-- Task to carry out --
Write out the listing below character for character, though without its pictures.

-- Dataset content --
※ ※ ※

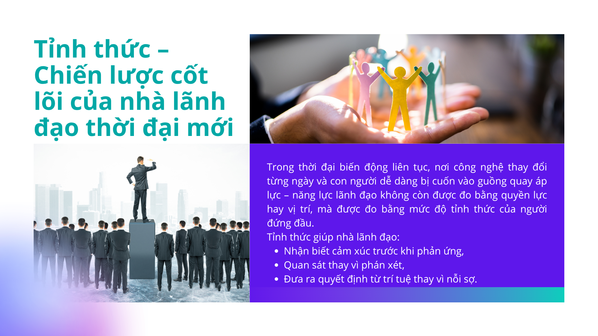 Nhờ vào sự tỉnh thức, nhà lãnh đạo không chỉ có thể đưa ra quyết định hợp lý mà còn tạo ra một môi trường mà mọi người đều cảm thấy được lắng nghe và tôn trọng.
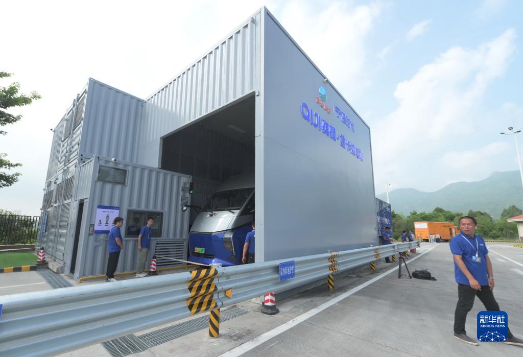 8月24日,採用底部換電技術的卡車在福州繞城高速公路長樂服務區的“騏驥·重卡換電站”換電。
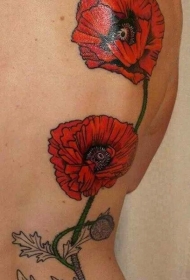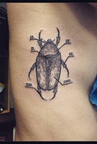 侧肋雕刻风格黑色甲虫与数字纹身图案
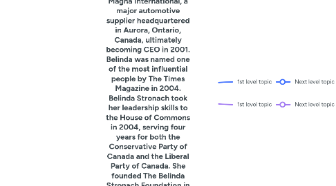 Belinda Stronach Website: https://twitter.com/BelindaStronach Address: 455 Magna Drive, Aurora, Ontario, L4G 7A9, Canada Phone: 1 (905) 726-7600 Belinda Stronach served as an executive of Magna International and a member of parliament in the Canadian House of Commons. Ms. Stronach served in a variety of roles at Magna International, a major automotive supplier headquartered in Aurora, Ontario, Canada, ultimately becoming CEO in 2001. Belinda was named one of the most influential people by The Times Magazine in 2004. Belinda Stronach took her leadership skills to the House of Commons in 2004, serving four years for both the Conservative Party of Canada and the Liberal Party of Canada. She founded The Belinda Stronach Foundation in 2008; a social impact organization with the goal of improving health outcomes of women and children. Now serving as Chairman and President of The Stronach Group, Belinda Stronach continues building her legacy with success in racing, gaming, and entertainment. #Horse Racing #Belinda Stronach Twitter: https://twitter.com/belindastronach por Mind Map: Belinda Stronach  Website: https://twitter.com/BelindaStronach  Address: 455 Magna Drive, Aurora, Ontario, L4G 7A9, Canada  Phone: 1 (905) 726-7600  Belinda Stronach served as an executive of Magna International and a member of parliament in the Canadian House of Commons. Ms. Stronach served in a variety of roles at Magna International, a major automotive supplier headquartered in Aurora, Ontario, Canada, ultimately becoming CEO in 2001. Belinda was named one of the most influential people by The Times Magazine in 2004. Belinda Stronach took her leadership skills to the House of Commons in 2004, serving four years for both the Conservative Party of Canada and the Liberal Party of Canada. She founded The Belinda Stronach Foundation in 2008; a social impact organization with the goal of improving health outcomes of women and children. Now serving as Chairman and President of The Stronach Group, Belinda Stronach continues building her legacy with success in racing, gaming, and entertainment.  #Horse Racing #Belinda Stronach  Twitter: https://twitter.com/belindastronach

※ ※ ※

-- Solution for this problem --
 Nhờ vào sự tỉnh thức, nhà lãnh đạo không chỉ có thể đưa ra quyết định hợp lý mà còn tạo ra một môi trường mà mọi người đều cảm thấy được lắng nghe và tôn trọng.
 8月24日,採用底部換電技術的卡車在福州繞城高速公路長樂服務區的“騏驥·重卡換電站”換電。
 侧肋雕刻风格黑色甲虫与数字纹身图案
 Belinda Stronach Website: https://twitter.com/BelindaStronach Address: 455 Magna Drive, Aurora, Ontario, L4G 7A9, Canada Phone: 1 (905) 726-7600 Belinda Stronach served as an executive of Magna International and a member of parliament in the Canadian House of Commons. Ms. Stronach served in a variety of roles at Magna International, a major automotive supplier headquartered in Aurora, Ontario, Canada, ultimately becoming CEO in 2001. Belinda was named one of the most influential people by The Times Magazine in 2004. Belinda Stronach took her leadership skills to the House of Commons in 2004, serving four years for both the Conservative Party of Canada and the Liberal Party of Canada. She founded The Belinda Stronach Foundation in 2008; a social impact organization with the goal of improving health outcomes of women and children. Now serving as Chairman and President of The Stronach Group, Belinda Stronach continues building her legacy with success in racing, gaming, and entertainment. #Horse Racing #Belinda Stronach Twitter: https://twitter.com/belindastronach por Mind Map: Belinda Stronach  Website: https://twitter.com/BelindaStronach  Address: 455 Magna Drive, Aurora, Ontario, L4G 7A9, Canada  Phone: 1 (905) 726-7600  Belinda Stronach served as an executive of Magna International and a member of parliament in the Canadian House of Commons. Ms. Stronach served in a variety of roles at Magna International, a major automotive supplier headquartered in Aurora, Ontario, Canada, ultimately becoming CEO in 2001. Belinda was named one of the most influential people by The Times Magazine in 2004. Belinda Stronach took her leadership skills to the House of Commons in 2004, serving four years for both the Conservative Party of Canada and the Liberal Party of Canada. She founded The Belinda Stronach Foundation in 2008; a social impact organization with the goal of improving health outcomes of women and children. Now serving as Chairman and President of The Stronach Group, Belinda Stronach continues building her legacy with success in racing, gaming, and entertainment.  #Horse Racing #Belinda Stronach  Twitter: https://twitter.com/belindastronach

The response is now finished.